2026 upcoming Australian drama

Dustfall is an upcoming Australian six-episode drama miniseries for the Australian Broadcasting Corporation (ABC), releasing in 2026. It is based on the 2022 crime thriller novel The Unbelieved by Vikki Petraitis.

==Plot==
Detective Tig Pollard returns to her hometown of North Gap, after spending years in the city, to investigate a sexual assault case where an 18-year-old is found naked in a cane field with no memory of how she got there. A ring of drink spiking and assaults is uncovered and a main suspect turns up dead, prompting Pollard to dive deeper into the case and the stories of the lives of those affected. In a quest to uncover the truth, a face from Pollard's past resurfaces, forcing her to confront secrets from times gone by.

==Cast==
The cast was announced on 20 November 2025 the same day as the series was announced at the ABC Upfronts.
- Anna Torv as Tig Pollard
- Juliet Stevenson
- Lila McGuire
- Peter Fenton
- Bert La Bonté as Remi Jolicoeur
- Ling Cooper Tang
- Kate Box
- Martin Sacks
- Conrad Coleby as Ross Kelly
- Jay Ryan
- Harry Gilchrist
- Gemma Chua-Tran
- Alice Ansara
- Zoe Phillips
- Theo Haitana
- Ben Knight
- Kirsty O'Connor
- Ed Wightman
- Luke J Morgan

==Production==
On 20 November 2025, the series was first announced at ABC's 2026 Upfronts event with the 2026 drama slate which also included the series Treasure & Dirt for the network.
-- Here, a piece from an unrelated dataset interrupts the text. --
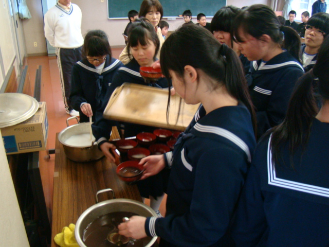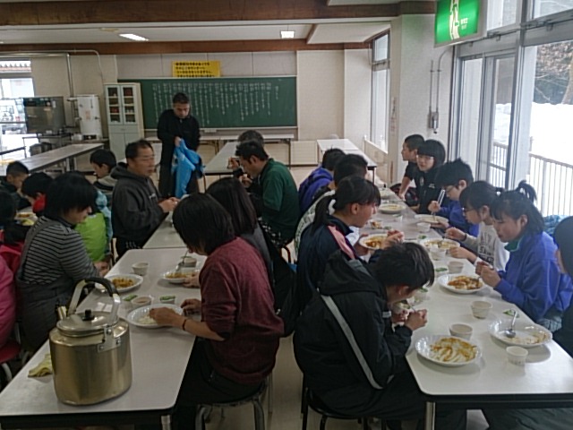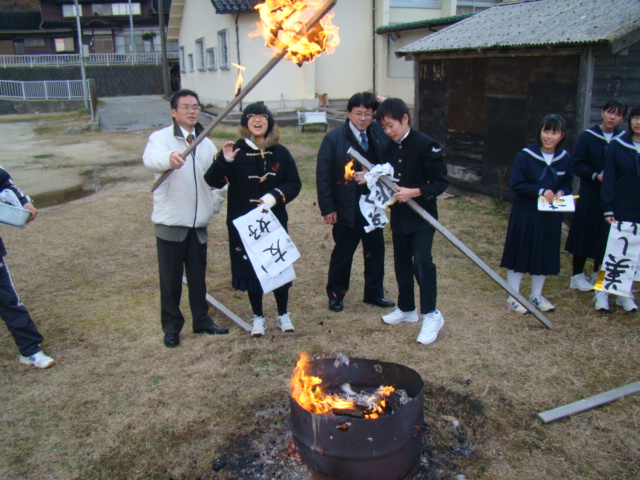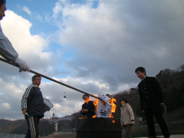 昨日の夕方、スキー体験学習から1,2年生達が無事、帰ってきました。事故もなく、充実したスキー実習ができたようです。疲れが少し残る中、生徒会が企画していた左義長を行いました。同時企画として各家庭から持ち寄った餅を使って、ぜんざいを作り全校で食べました。(数日前から準備していました。)スキーの疲れも吹っ飛んでいきます。天高く舞い上がった書き初めに願いを込めた1日でした。明日から2月、風邪に注意して、頑張ります。

On the same day, the BBC announced that they had acquired the rights to air the show in the UK.

The series is produced by Soapbox Pictures and Moonstone, with director Emma Freeman and producer Deborah Balderstone at the helm.

The production secured funding through Screen Australia and Screen Queensland, with production taking place on the Gold Coast, in Queensland.

==Release==
Dustfall will air on ABC TV and ABC iview in 2026. ABC announced the show would air from 11 October 2026 with all episodes to be available on iView.